Action item: Print exactly the lines below between the line containing "ボンダイビーチは下の写真のよ" and the line containing "也是目前国内最复杂的暗挖洞群车站。 徐博 摄", counting both of those lines. Leave pictures out.
**** Given data
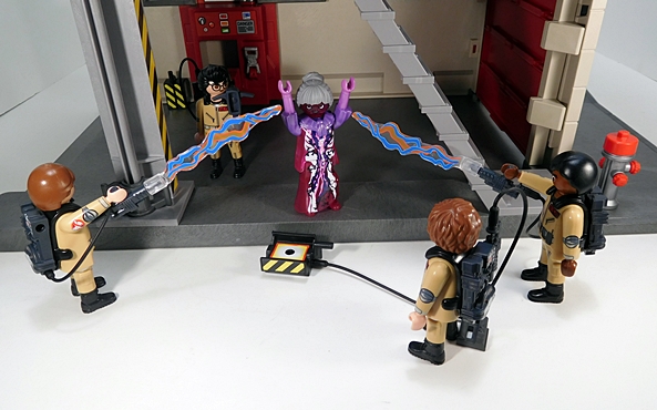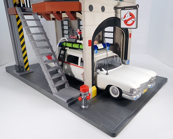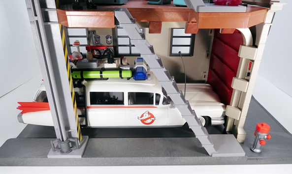That back area also features a Ghost-Capture-Claw, not doubt developed by Egon, to hook ghosts. By shifting the exhaust pipe left or right, the rope can either be locked, or it will retract as you push the Ecto-1 along. There’s also a hook inside to hang the claw from when it’s not in use. The orange ghost is included!
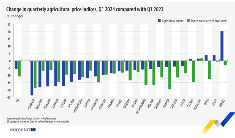 Cene v kmetijstvu v EU v prvem četrtletju upadle
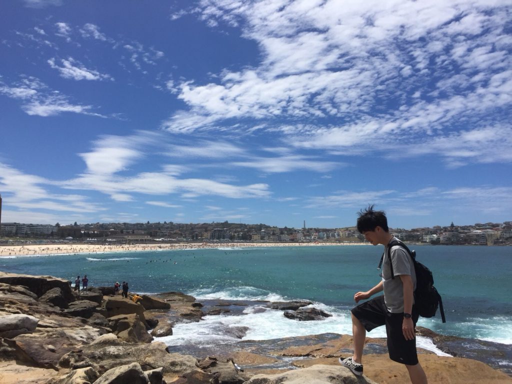 ボンダイビーチは下の写真のように崖のような所から海とビーチを一望することができます。
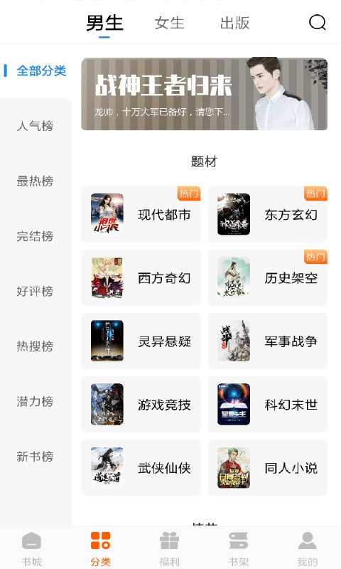 3、【男女频道】特色男、女频道,专属男生、女生的不同阅读空间。
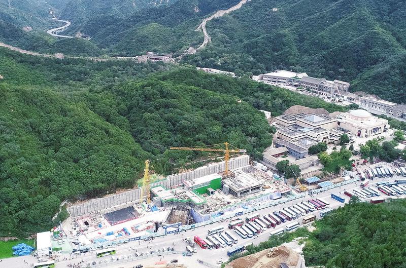 京张高铁八达岭长城站毗邻八达岭长城, 总建筑面积49500平方米, 分成地面站房和地下站两部分。地下站位于景区山体下方102米处, 是目前国内埋深最大的高速铁路地下站; 车站层次多、 洞室数量大、 洞型复杂、 交叉节点密集, 也是目前国内最复杂的暗挖洞群车站。 徐博 摄
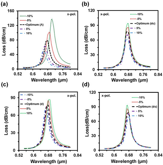 By considering the performance, we choose 40 nm as an optimal value. Figure 10a depicts the impacts of pitch value variations on CL. Here, the loss depth increased with the decrement of pitch value and the RW shifted from 0.68 µm to 0.69 µm and 0.7 µm with these changes. On the contrary, loss depth reduced to 61 dB/cm and 53 dB/cm when the pitch value increased by 5% to 10% from neutral. Moreover, The RW fluctuated 0.68 µm to 0.67 µm and 0.66 µm with this increment of the pitch value. Similarly, loss depth increased with the scaling down of the center air-hole diameter or vice-versa (from Figure 10b). Though the loss peak fluctuated, there was no significant change in RW. So, the WS remained the same. With the enlargement of the regular air-hole diameter, the effective index of core-guided mode decreased, resulting in the loss peak rising and redshift occurrence in RW. On the other hand, loss depth decreased with the scaling down of d and the RW faced the blue shift. All these are evident from Figure 10c. Small air-hole diameter has a strong influence in phase matching.
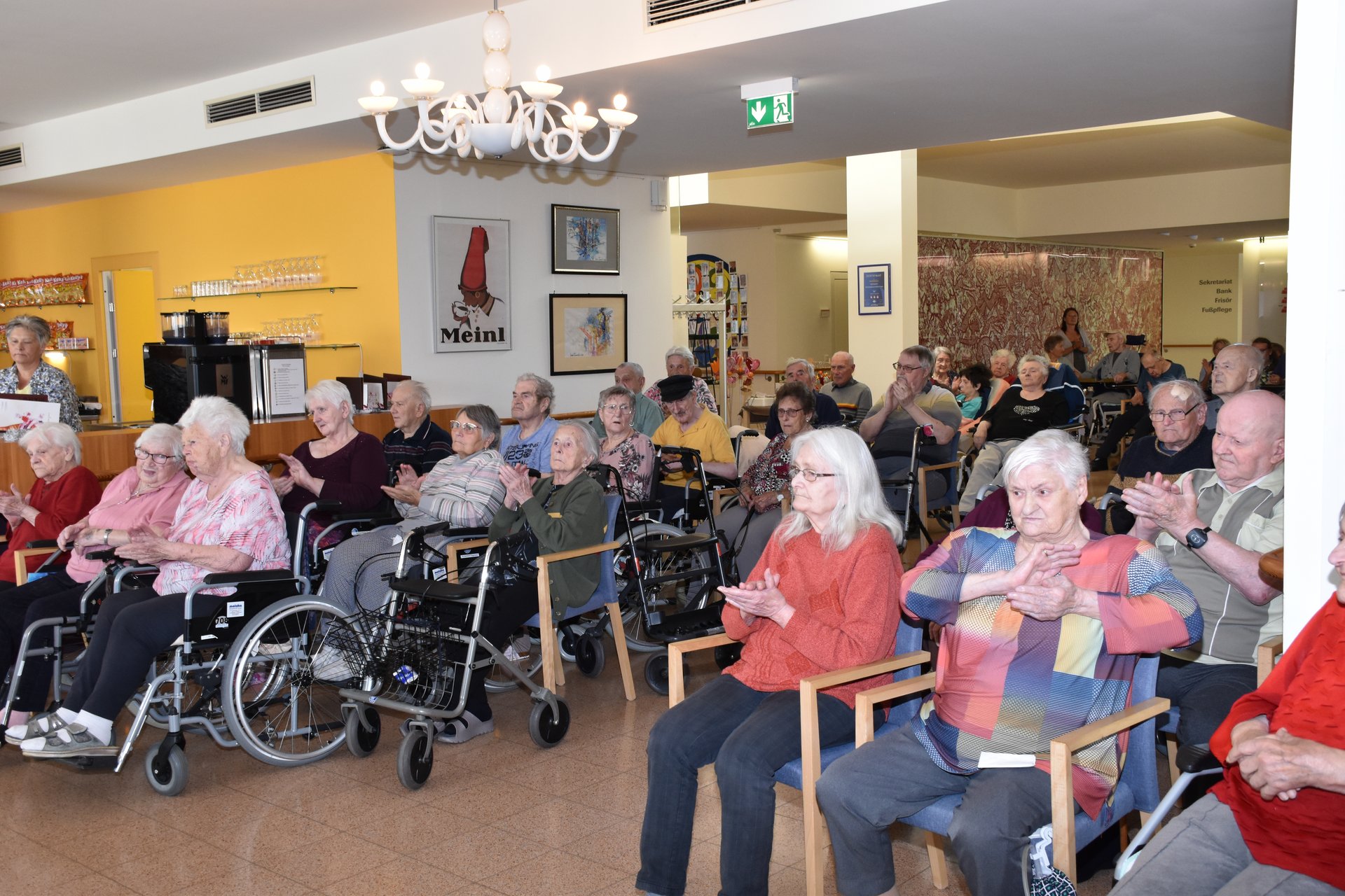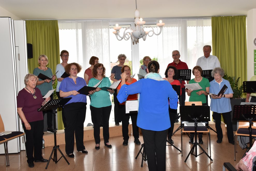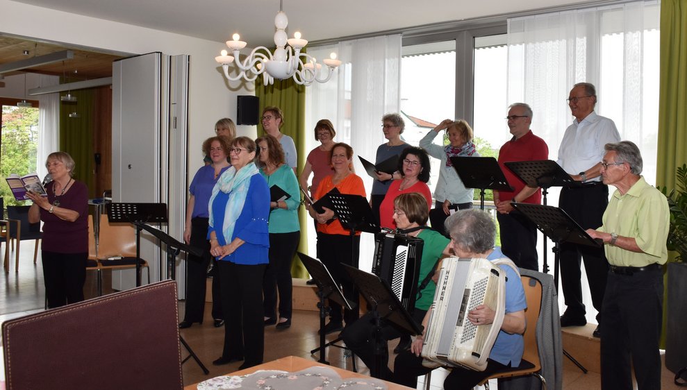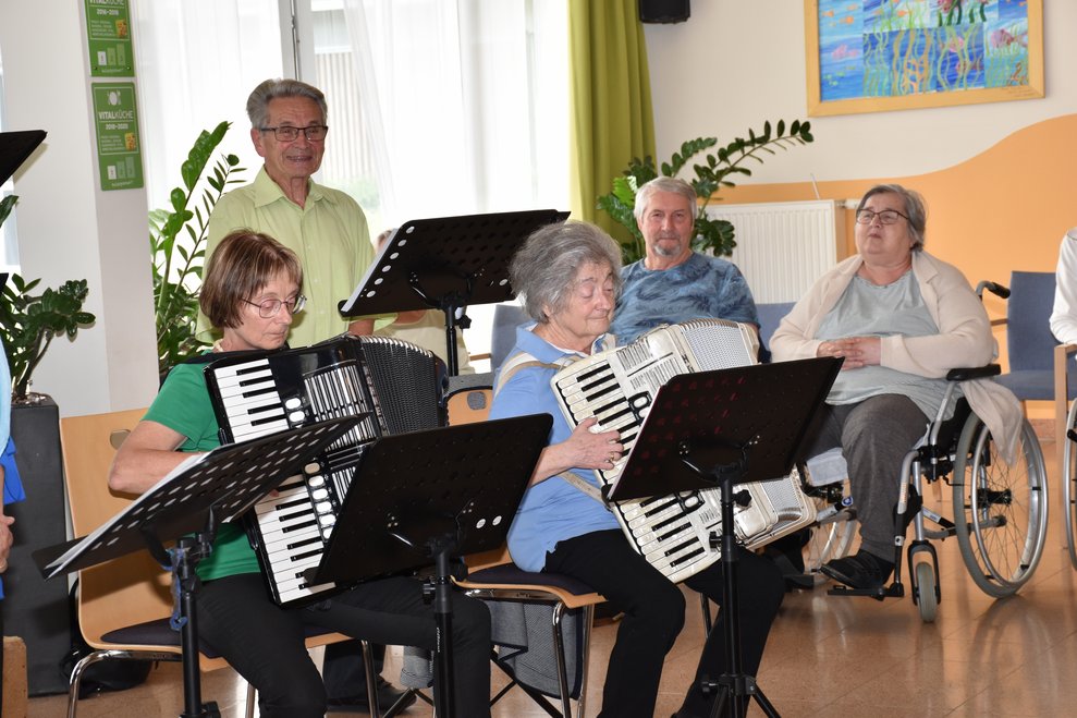 Nicht nur der Text zum Lied „Kemmts lei eina in die Stubn“ war einladend, das gesamte Konzert, unter der Leitung von Ilse Bernhard, war mitreißend und durch passende Texte, gelesen von Helga Reiter, auf ganzer Linie ein Erfolg. Bekannte Lieder motivierten die Bewohnerinnen und Bewohner zum Mitsingen und rührten auch zu Tränen. „Musik verbindet, Musik belebt und schenkt Erinnerungen“, erwähnte Managerin für Ehrenamt und Alltagsbegleitung Anita Talamas-Engel schon bei der Begrüßung und auch zum Schluss bei der Danksagung und das hat sich bewahrheitet. Es wird ein Wiedersehen geben und darauf freuen sich auch die Sängerinnen und Sänger, sowie Rosalinde Steinberger und Monika Öhlknecht, die das Konzert gekonnt mit dem Akkordeon begleitet haben.
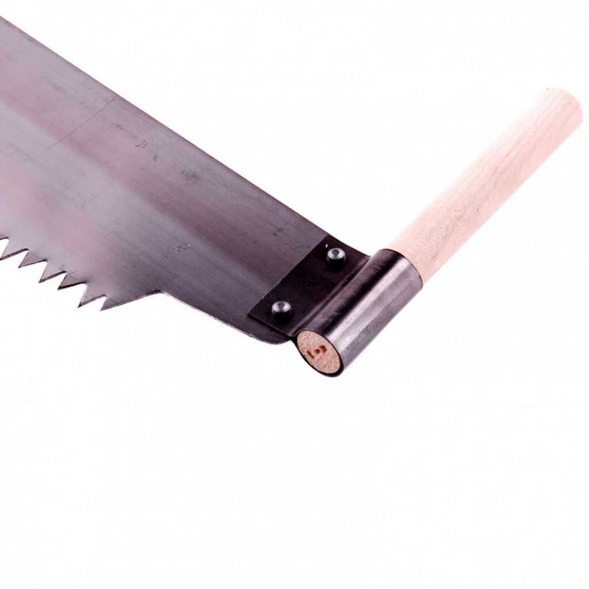 Двуручная пила — это инструмент со множеством зубьев для поперечной распиловки круглых лесоматериалов, брусьев, толстых досок. Выполняется в виде металлической пластины, на рабочей кромке которой расположены зубья, а по бокам — две ручки.
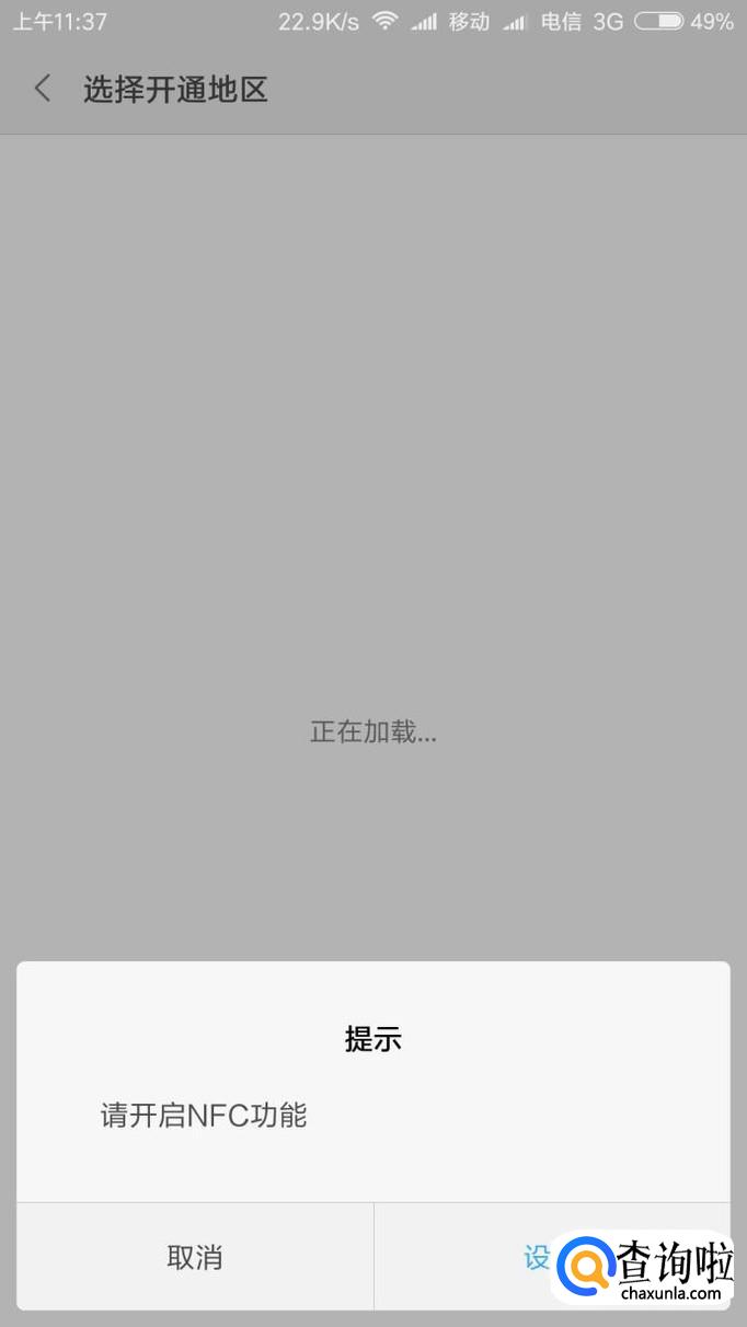 手机需要根据提示打开NFC功能,这也是小米手机作为公交卡的核心技术NFC。
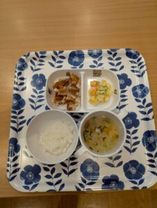 お散歩の後はシャワーを浴びて美味しい給食です🍚
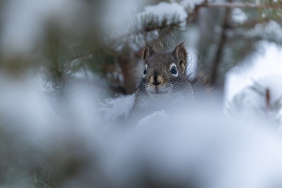 I was coming home for lunch and saw the squirrel that frequents the trees in the area. I saw it sitting in the tree and thought it looked too cute not to photograph. We were getting a good snowfall and I loved the effect it was giving the photos. I couldn't get enough of this little cutie.
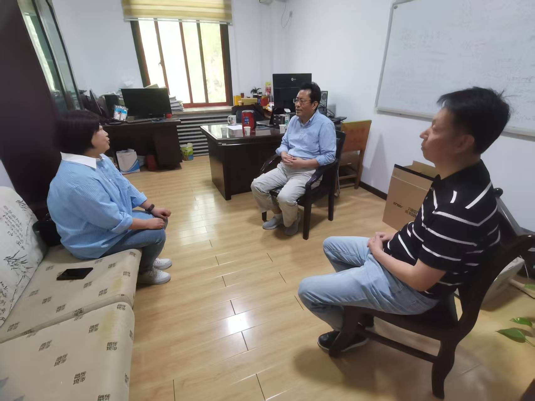 调研团队向陕西省工业与应用数学学会理事长、西安交通大学数学与统计学院王卫教授汇报了近年来beat365数学建模活动的开展情况,王卫则介绍了西安交通大学全方位、立体化的数学建模培训体系,通过强化理论实践结合,提升学生创新与解决问题能力的成效。
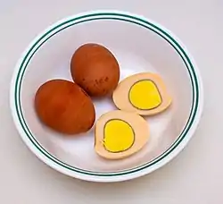 Haminados, also known as chaminados, or braised eggs, is a traditional Sephardi Jewish dish, popular in Israel, and commonly served as an ingredient or accompaniment to a number of dishes. Haminados are an important element of Israeli cuisine, and are commonly prepared on their own or as part of the Sephardi and Mizrahi Jewish Shabbat stew chamin.[1][2][3][4]
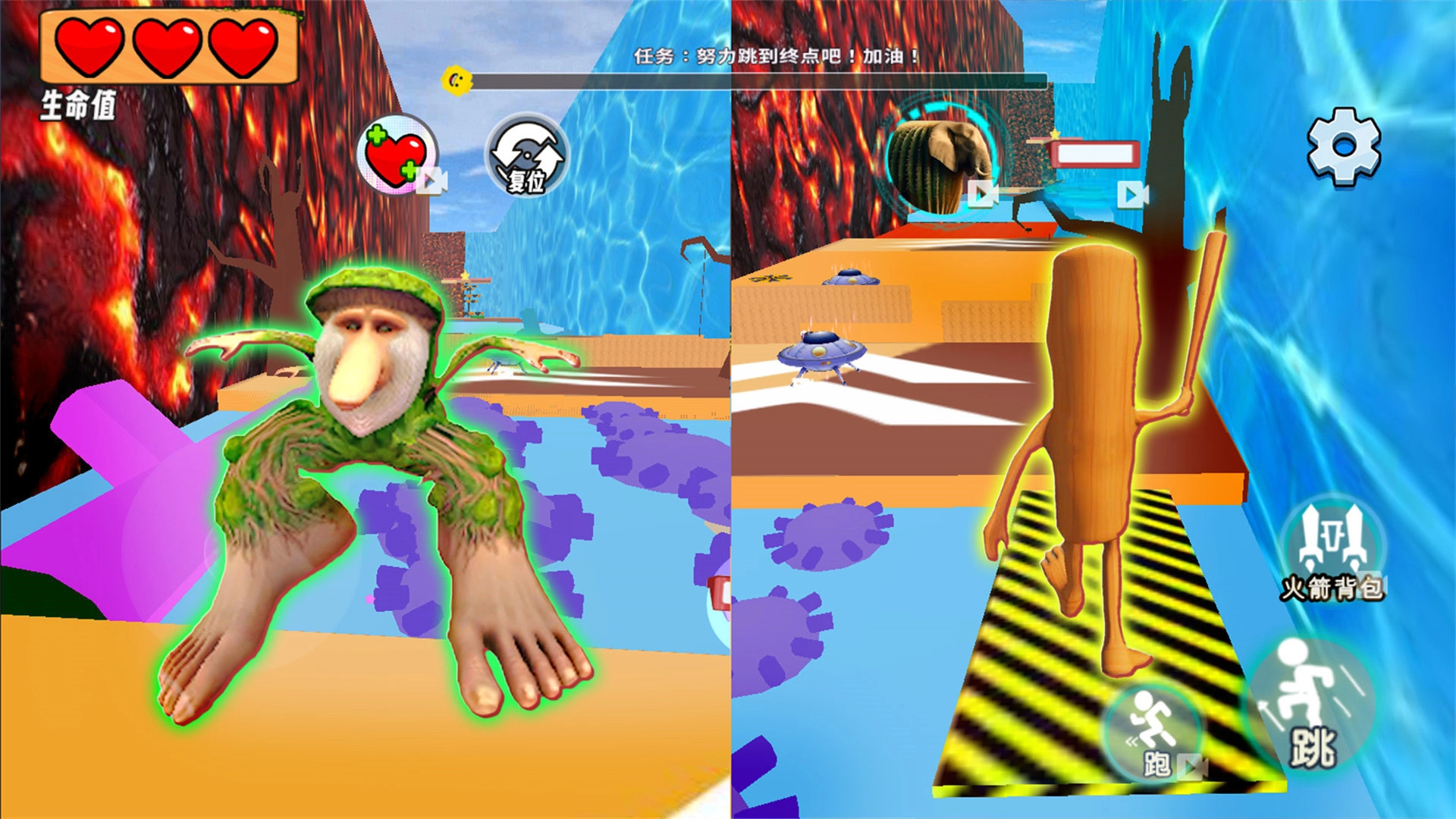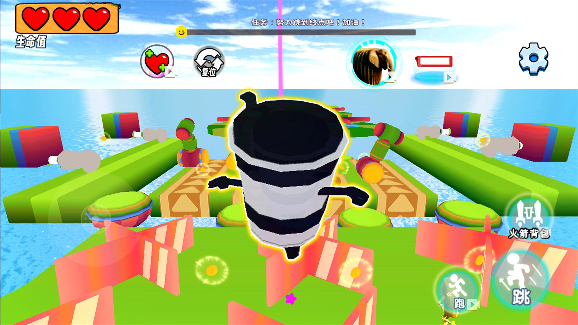 2、利用场景道具火箭背包,关键时刻加速飞越,甩开木棍人。
********
Output of the exercise:
 ボンダイビーチは下の写真のように崖のような所から海とビーチを一望することができます。
 3、【男女频道】特色男、女频道,专属男生、女生的不同阅读空间。
 京张高铁八达岭长城站毗邻八达岭长城, 总建筑面积49500平方米, 分成地面站房和地下站两部分。地下站位于景区山体下方102米处, 是目前国内埋深最大的高速铁路地下站; 车站层次多、 洞室数量大、 洞型复杂、 交叉节点密集, 也是目前国内最复杂的暗挖洞群车站。 徐博 摄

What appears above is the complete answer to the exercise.